What the task asks
What you return should match the data word for word, minus the images.

Information supplied
:::
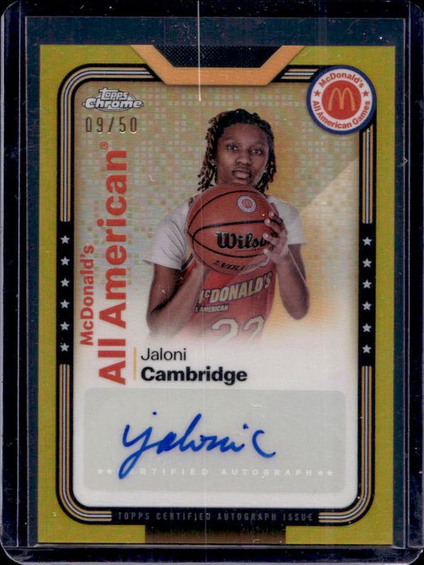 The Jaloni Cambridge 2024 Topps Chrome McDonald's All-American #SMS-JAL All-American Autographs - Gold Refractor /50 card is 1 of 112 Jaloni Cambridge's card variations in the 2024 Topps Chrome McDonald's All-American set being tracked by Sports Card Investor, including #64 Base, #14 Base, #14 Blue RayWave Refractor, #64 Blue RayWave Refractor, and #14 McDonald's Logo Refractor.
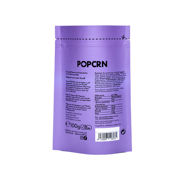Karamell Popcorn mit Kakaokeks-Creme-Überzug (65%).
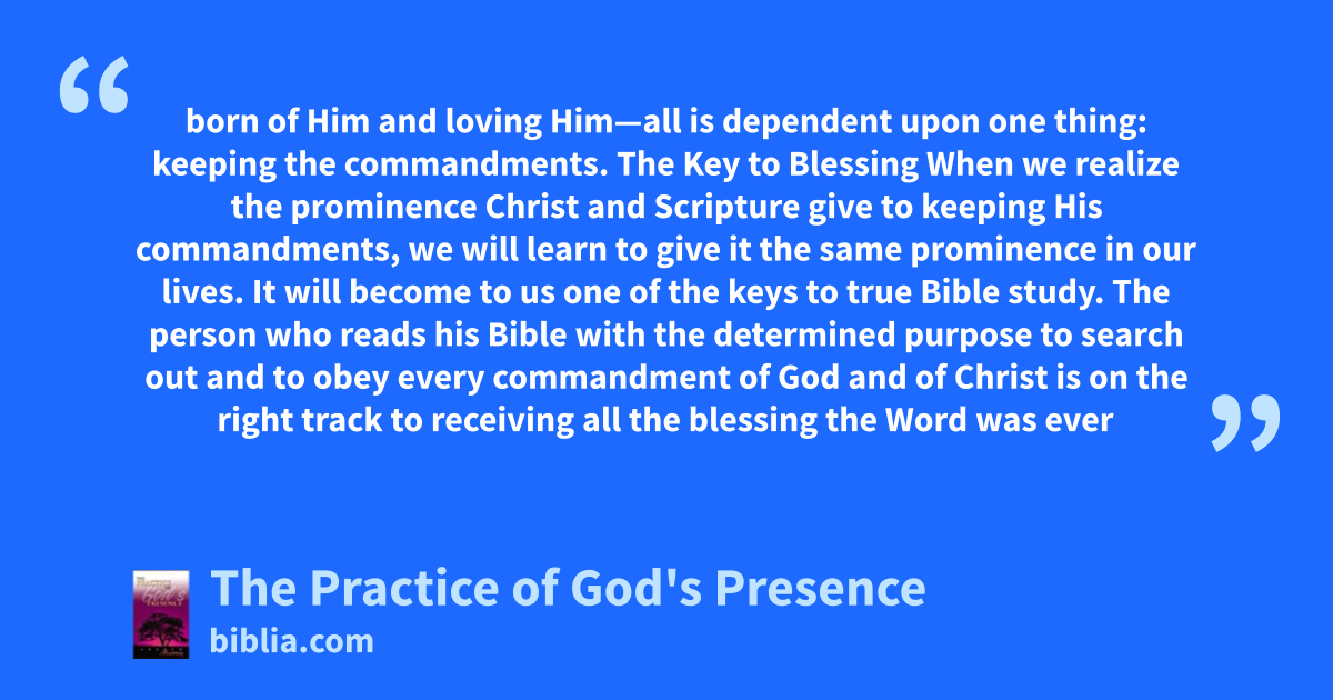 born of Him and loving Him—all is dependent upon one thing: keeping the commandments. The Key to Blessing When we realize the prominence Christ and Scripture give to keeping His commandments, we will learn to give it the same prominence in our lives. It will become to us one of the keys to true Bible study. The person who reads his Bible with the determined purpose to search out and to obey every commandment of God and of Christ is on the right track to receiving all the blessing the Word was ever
:::
Output below
 The Jaloni Cambridge 2024 Topps Chrome McDonald's All-American #SMS-JAL All-American Autographs - Gold Refractor /50 card is 1 of 112 Jaloni Cambridge's card variations in the 2024 Topps Chrome McDonald's All-American set being tracked by Sports Card Investor, including #64 Base, #14 Base, #14 Blue RayWave Refractor, #64 Blue RayWave Refractor, and #14 McDonald's Logo Refractor.
Karamell Popcorn mit Kakaokeks-Creme-Überzug (65%).
 born of Him and loving Him—all is dependent upon one thing: keeping the commandments. The Key to Blessing When we realize the prominence Christ and Scripture give to keeping His commandments, we will learn to give it the same prominence in our lives. It will become to us one of the keys to true Bible study. The person who reads his Bible with the determined purpose to search out and to obey every commandment of God and of Christ is on the right track to receiving all the blessing the Word was ever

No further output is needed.